Field Fast Precomputation

Example

From version 14.0 to version 15.0, in the product module, a new field value_count appeared on the model product.template.attribute.line. This is a simple field that stores the amount of value_ids associated with each element.

Source Code Differences

Version 14.0

class ProductTemplateAttributeLine(models.Model):
    _name = "product.template.attribute.line"

    value_ids = fields.Many2many(
        comodel_name="product.attribute.value",
        relation="product_attribute_value_product_template_attribute_line_rel"
    )

See Full v14 Code Source.

Version 15.0

class ProductTemplateAttributeLine(models.Model):
    _name = "product.template.attribute.line"

    value_ids = fields.Many2many(
        comodel_name="product.attribute.value",
        relation="product_attribute_value_product_template_attribute_line_rel"
    )
    value_count = fields.Integer(
        compute="_compute_value_count",
        store=True,
    )

@api.depends("value_ids")
def _compute_value_count(self):
    for record in self:
        record.value_count = len(record.value_ids)

See Full v15 Code Source.

Analysis

---Fields in module 'product'---

product      / product.template.attribute.line / value_count (integer):
    NEW isfunction: function, stored

See Full v15 Analysis File.

Result without migration script / Expected Result

The new field will be computed, by the ORM. So in absolute terms, there is nothing to do. However, the calculation will be performed for all the rows of the table.
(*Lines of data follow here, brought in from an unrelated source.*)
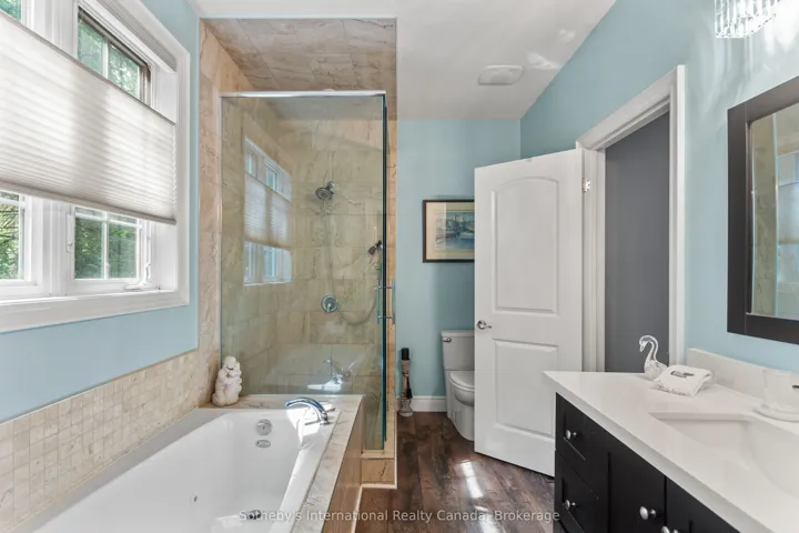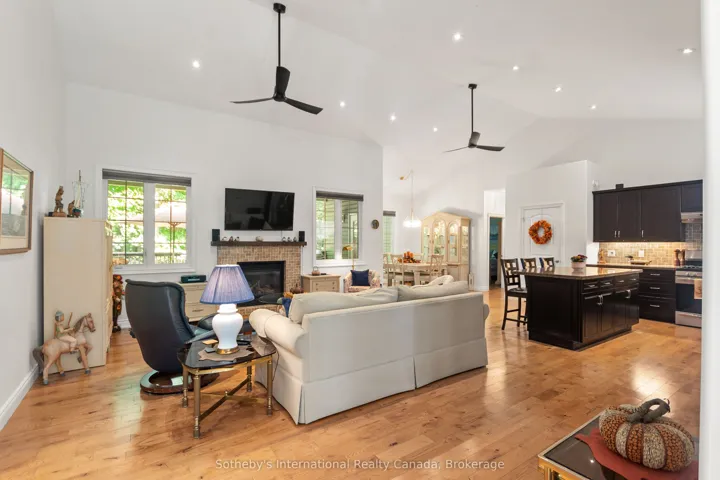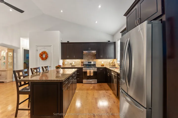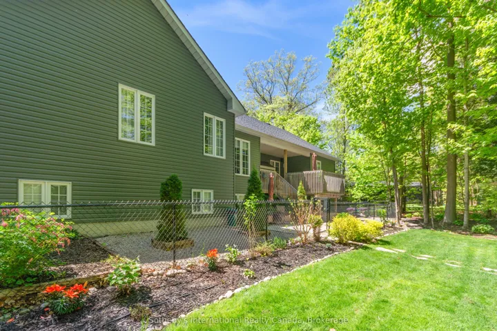 +"PublicRemarks": "New Countertops in two bathrooms upstairs, new light fixtures throughout! This beautiful raised bungalow is set on a large, landscaped lot just a 4 minute walk to the sandy shores of Georgian Bay. With 3+1 bedrooms and 2+1 bathrooms, its the perfect mix of space, function, and location. Inside, you'll find a bright, open main floor with vaulted ceilings, a spacious kitchen with plenty of storage and workspace, and a dining area that opens out to the back deck. The primary bedroom is generously sized and features a full ensuite, and there's main floor laundry for added convenience.The finished basement includes an additional bedroom, full bathroom, and a walkout to the backyard, offering flexible space for a rec room, guest suite, or home office. Additional storage and workspace can be found in the utility room, workshop or the large 2 car garage. Outside is where this property really shines. The yard is big, private, and beautifully landscaped, complete with a fire pit area and dog run, plenty of space to relax, entertain, or let the kids and pets roam. Located in a quiet, friendly neighbourhood just minutes from the water, and only 15 minutes to Penetanguishene and 20 minutes to Midland.This is a great opportunity to enjoy life by the bay with room to breathe both inside and out."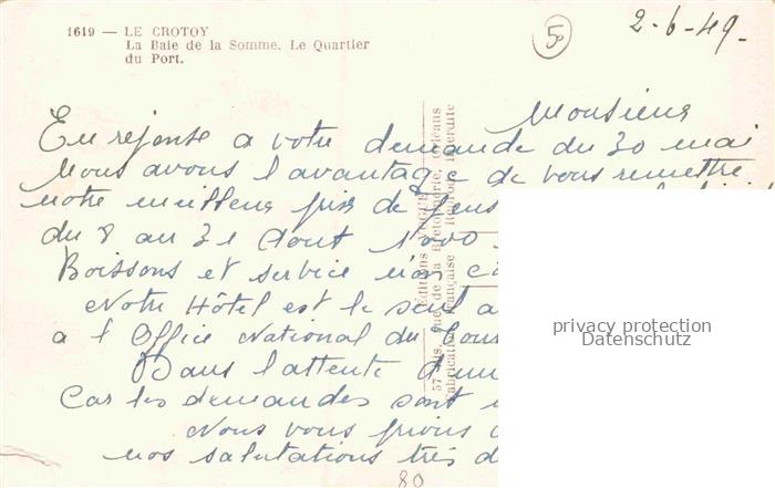 14108506 Le Crotoy ABBEVILLE 80 Somme Hôtel du Commerce Place Jeanne d’Arc postalisch nicht gelaufen Erhaltung siehe scans [FriedD77] Frie Katcode 11170080180228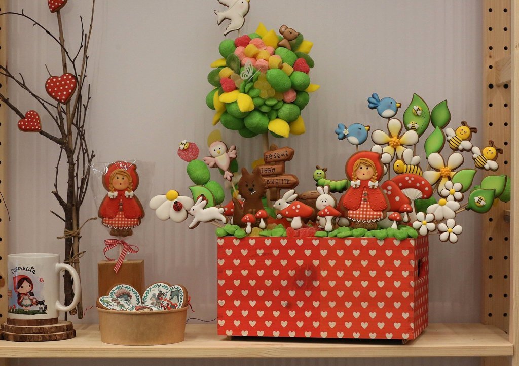 The Cookie Show no es una "tienda cualquiera", defiende, ya que también ofrece artículos de regalo que combinan con la decoración de las galletas: cajas de madera, caja-casa, carruseles que esconden galletas con forma de caballo, bodys de bebés, una taza, bolsos...

If the table contains a very large amount of data, the calculation can be slow: Indeed, even if the ORM contains some prefetch system for reading the data, the writing will be done item by item, via an SQL request of the UPDATE type, which is not at all optimized, and will generate a (quasi) linear type of time complexity.

See : https://en.wikipedia.org/wiki/Time_complexity#Linear_time

As a result, some compute on huge database can take hours, or days, or worse, generate an insufficient memory error, which stops the migration.

These inconveniences obviously depend on the size of the table in question and the power and the configuration of the server that is performing the migration.

Contribution to OpenUpgrade

Update upgrade_analysis_work.txt file

Add a comment after the line:

product      / product.template.attribute.line / value_count (integer):
    NEW isfunction: function, stored
# DONE: pre-migration: fast computed value_count

See Full v15 Work Analysis File.

Write migration Script

in the pre-migration.py script add:

from openupgradelib import openupgrade

def compute_product_template_attribute_line_value_count(env):
    openupgrade.add_fields(env, [(
        "value_count",                      # Field name
        "product.template.attribute.line",  # Model name
        "product_template_attribute_line",  # Table name
        "integer",                          # Odoo Field type (in lower case)
        False,                              # [Optional] SQL type (if custom fields)
        "product",                          # Module name
        False,                              # [Optional] Default value
    )])

    openupgrade.logged_query(
        env.cr,
        """
        UPDATE product_template_attribute_line al
        SET value_count = (
            SELECT COUNT(*)
            FROM product_attribute_value_product_template_attribute_line_rel
            WHERE product_template_attribute_line_id = al.id
        )""",
    )

@openupgrade.migrate()
def migrate(env, version):
    compute_product_template_attribute_line_value_count(env)

See Full V15 pre migration Script.

See Full add_fields specification.

Notes

  • these scripts are about optimization. As a contributor of openupgrade for a module, if you do not have a problem of excessive duration, you can propose migration scripts _without_ such optimizations, especially when the SQL queries are complex to write.

    Another contributor can always propose a PR for performance improvement, if he faces this problem.